REPUBLIKA.CO.ID, Suatu saat ketika menunaikan ibadah haji, Abuya bertemu Al Maliky dan ia menjelaskan, bahwa dirinya merupakan putra Syekh Mudo Waly. Dari sinilah Sayid Al Maliky mengijazahkan semua ilmu tharekatnya kepada Abuya Muhibbuddin.
Ia memiliki ribuan murid yang tersebar di seluruh tanah Melayu Nusantara mulai dari Aceh sampai ke tanah Jawa, Sulawesi, Malaysia bahkan Brunei Darussalam dan Pattani (Siam). Abuya juga dikenal sebagai yang produktif akan karya kitab-kitabnya.

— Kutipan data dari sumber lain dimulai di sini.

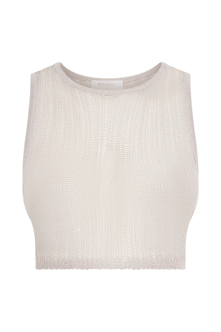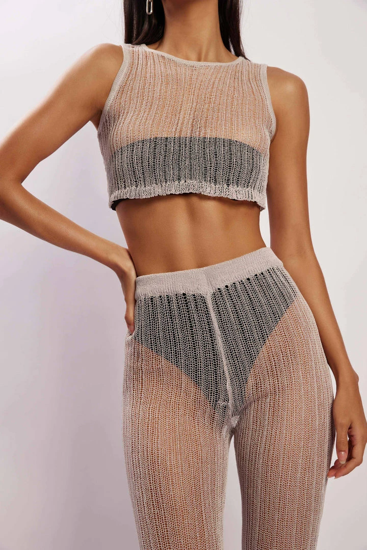 Invite an effortless edge to your ensemble in MANDY. Cut from a sheer knit fabrication, Mandy features a high neckline, sleeveless design and cropped fit. Complete your look with our Mandy Knit Flare Trousers for maximum impact.

Di antaranya, ia mengarang syarahan kitab Al-Hikam (Hakikat Hikmah Tauhid dan Tasawwuf) yang dibuat oleh Al Imam Ahmad Abul Fadhal gelar Tajuddin bin Muhammad bin Abdul Karim bin Athaillah Iskandari (Askandari).

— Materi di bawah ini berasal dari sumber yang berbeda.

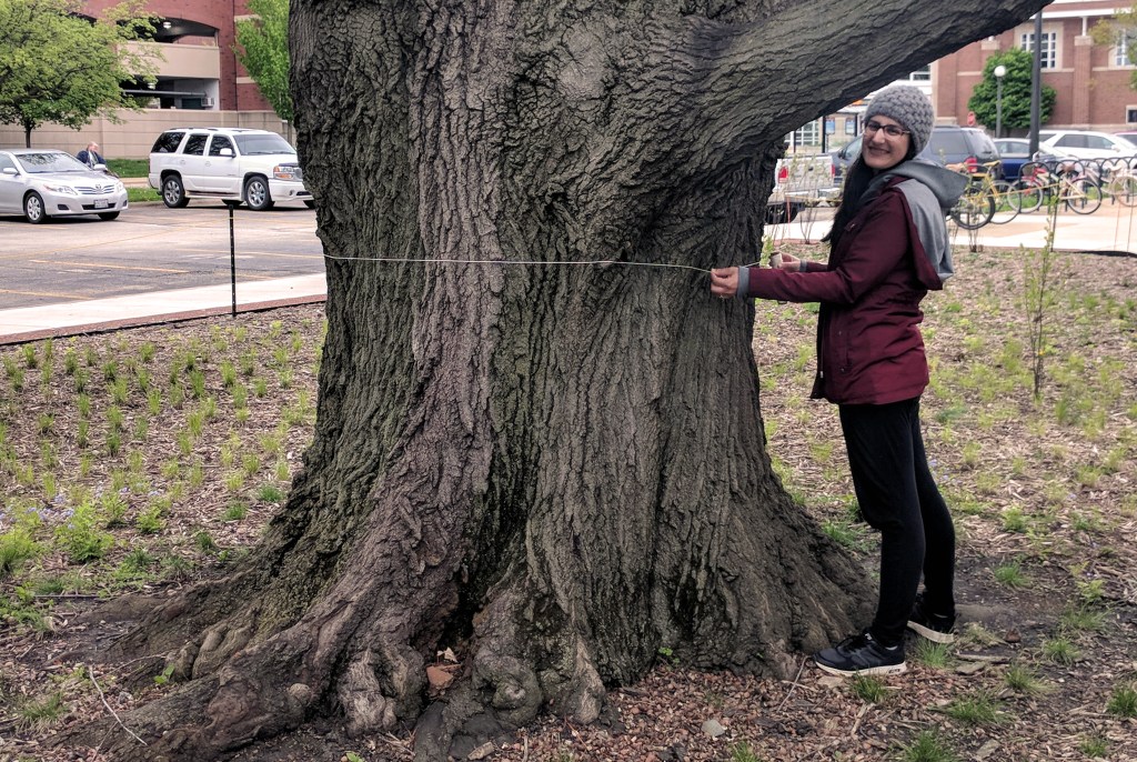 The circumference (or girth) of a tree is the simplest measurement to take, especially for the Red Oak Rain Garden’s trees which are both upright and on level ground. The circumference is measured by taking a measuring tape and wrapping it around the trunk at approximately 4.5′ above mid-slope of the tree’s base or about chest height. If the tree has any large knotty growths, burls, or limb extensions measure at the smallest circumference between 4.5′ and the ground. One person usually can do this measurement, but another person is helpful for large trees like the 100 year old RORG “sisters”. Rebecca Martin, recent MUP/ACE graduate and my partner, graciously agreed to help. To get a precise fit, we used a piece of string wrapped around the trunk of the tree at chest height and then measured the length of the string. Based on these measurements, the red oak has a circumference of 152″ and the sycamore has a circumference of 165″.

Kitab Syarahan Al-Hikam ini telah diakui oleh seluruh ulama-ulama Melayu Nusantara pada pertemuan di Singapore bulan Februari 1992 Untuk ditetapkan sebagai acuan utama bagi syarahan resmi Al-Hikam yang dipakai oleh seluruh ulama di tanah Melayu Nusantara.
Selain mendapatkan ijazah Thariqat dari Syaikh Haji Abdul Ghani Al Kampari dan dari ayah beliau Syaikh Haji Muhammad Waly, Beliau juga mendapatkan ijazah dari ulama besar Masjidil haram. Di antaranya Syaikh Muhammad Yasin Al Fadaany dan Al ‘Alim Al Muhaddist Syaikh Sayyid Muhammad bin Sayyid ‘Alawy bin Sayyid Abbas Al Maaliki Al Hasany.

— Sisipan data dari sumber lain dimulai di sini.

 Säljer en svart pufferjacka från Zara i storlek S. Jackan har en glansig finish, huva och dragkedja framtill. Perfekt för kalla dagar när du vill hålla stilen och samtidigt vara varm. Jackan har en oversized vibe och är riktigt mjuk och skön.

Mereka merupakan anak dari ulama besar Masjidil Haram yang juga merupakan guru dari Syaikh H. Muhammad Waly Al-Khalidi yang bernama Syaikh Ali Maliky.
Pada 7 Maret 2012, kabar duka menyeruak di seluruh pelosok tanah Aceh Darussalam. Abuya Muhibbudin Waly berpulang ke rahmatullah. Abuya wafat sekitar pukul 22.00 wib di Rumah Sakit Fakinah, Banda Aceh.
Abuya meninggal setelah beberapa hari dirawat di rumah sakit. Ulama yang alim dan luas dalam bidang ilmu ini meninggalkan ratusan tulisan, manuskrip, buku dan makalah-makalah agama, sosial kemasyarakatan, politik, ekonomi (perbankan), national security (Militer), sejarah kesultanan Aceh, dan pemerintahan serta perundang-undangan yang dibuat untuk generasi Ahlussunnah Wal Jama’ah ke depan.